§ WHAT THE TASK REQUIRES
If pictures appear, leave them out, and return exactly the lines from the one holding "シャワーカーテン バスカーテン カーテンリング付き" through the last line of the listing below.

§ DATA EXCERPT
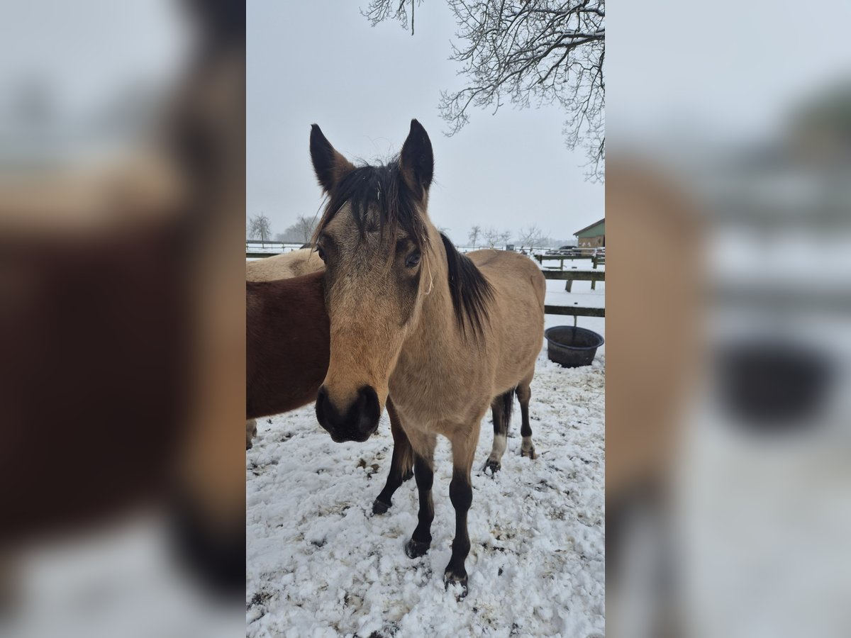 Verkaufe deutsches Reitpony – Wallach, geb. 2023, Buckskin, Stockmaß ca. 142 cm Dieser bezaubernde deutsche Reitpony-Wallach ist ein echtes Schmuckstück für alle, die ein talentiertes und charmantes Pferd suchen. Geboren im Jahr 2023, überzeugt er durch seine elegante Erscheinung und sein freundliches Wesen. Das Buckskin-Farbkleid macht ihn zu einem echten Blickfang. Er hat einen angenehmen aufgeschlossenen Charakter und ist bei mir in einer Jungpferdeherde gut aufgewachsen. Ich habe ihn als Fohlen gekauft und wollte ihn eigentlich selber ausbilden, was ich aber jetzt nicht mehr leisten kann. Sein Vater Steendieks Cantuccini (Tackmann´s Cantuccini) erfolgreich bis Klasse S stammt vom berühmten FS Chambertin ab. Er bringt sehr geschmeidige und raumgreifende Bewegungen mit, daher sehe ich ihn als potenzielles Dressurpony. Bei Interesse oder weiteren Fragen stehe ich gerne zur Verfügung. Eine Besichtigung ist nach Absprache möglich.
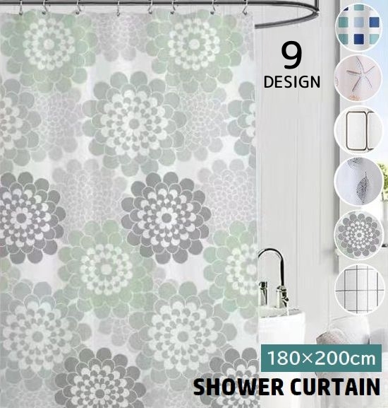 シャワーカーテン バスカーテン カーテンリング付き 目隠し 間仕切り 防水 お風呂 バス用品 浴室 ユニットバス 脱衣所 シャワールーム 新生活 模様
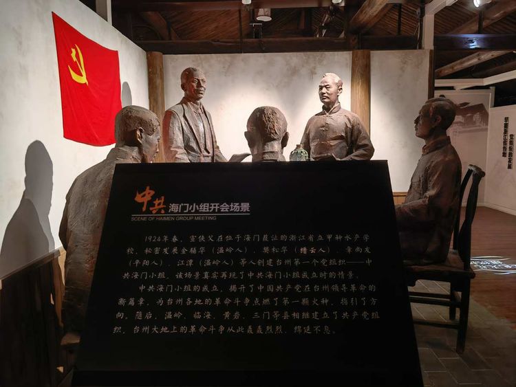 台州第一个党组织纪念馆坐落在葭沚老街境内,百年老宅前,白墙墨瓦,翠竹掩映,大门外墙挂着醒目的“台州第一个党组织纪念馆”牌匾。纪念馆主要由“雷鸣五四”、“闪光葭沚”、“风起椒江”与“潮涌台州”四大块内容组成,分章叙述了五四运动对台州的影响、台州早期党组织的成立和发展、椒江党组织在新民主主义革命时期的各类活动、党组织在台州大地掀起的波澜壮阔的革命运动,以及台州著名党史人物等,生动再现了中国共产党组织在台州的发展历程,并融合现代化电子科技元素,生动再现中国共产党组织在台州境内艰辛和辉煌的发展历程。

§ TASK RESULT
 シャワーカーテン バスカーテン カーテンリング付き 目隠し 間仕切り 防水 お風呂 バス用品 浴室 ユニットバス 脱衣所 シャワールーム 新生活 模様
 台州第一个党组织纪念馆坐落在葭沚老街境内,百年老宅前,白墙墨瓦,翠竹掩映,大门外墙挂着醒目的“台州第一个党组织纪念馆”牌匾。纪念馆主要由“雷鸣五四”、“闪光葭沚”、“风起椒江”与“潮涌台州”四大块内容组成,分章叙述了五四运动对台州的影响、台州早期党组织的成立和发展、椒江党组织在新民主主义革命时期的各类活动、党组织在台州大地掀起的波澜壮阔的革命运动,以及台州著名党史人物等,生动再现了中国共产党组织在台州的发展历程,并融合现代化电子科技元素,生动再现中国共产党组织在台州境内艰辛和辉煌的发展历程。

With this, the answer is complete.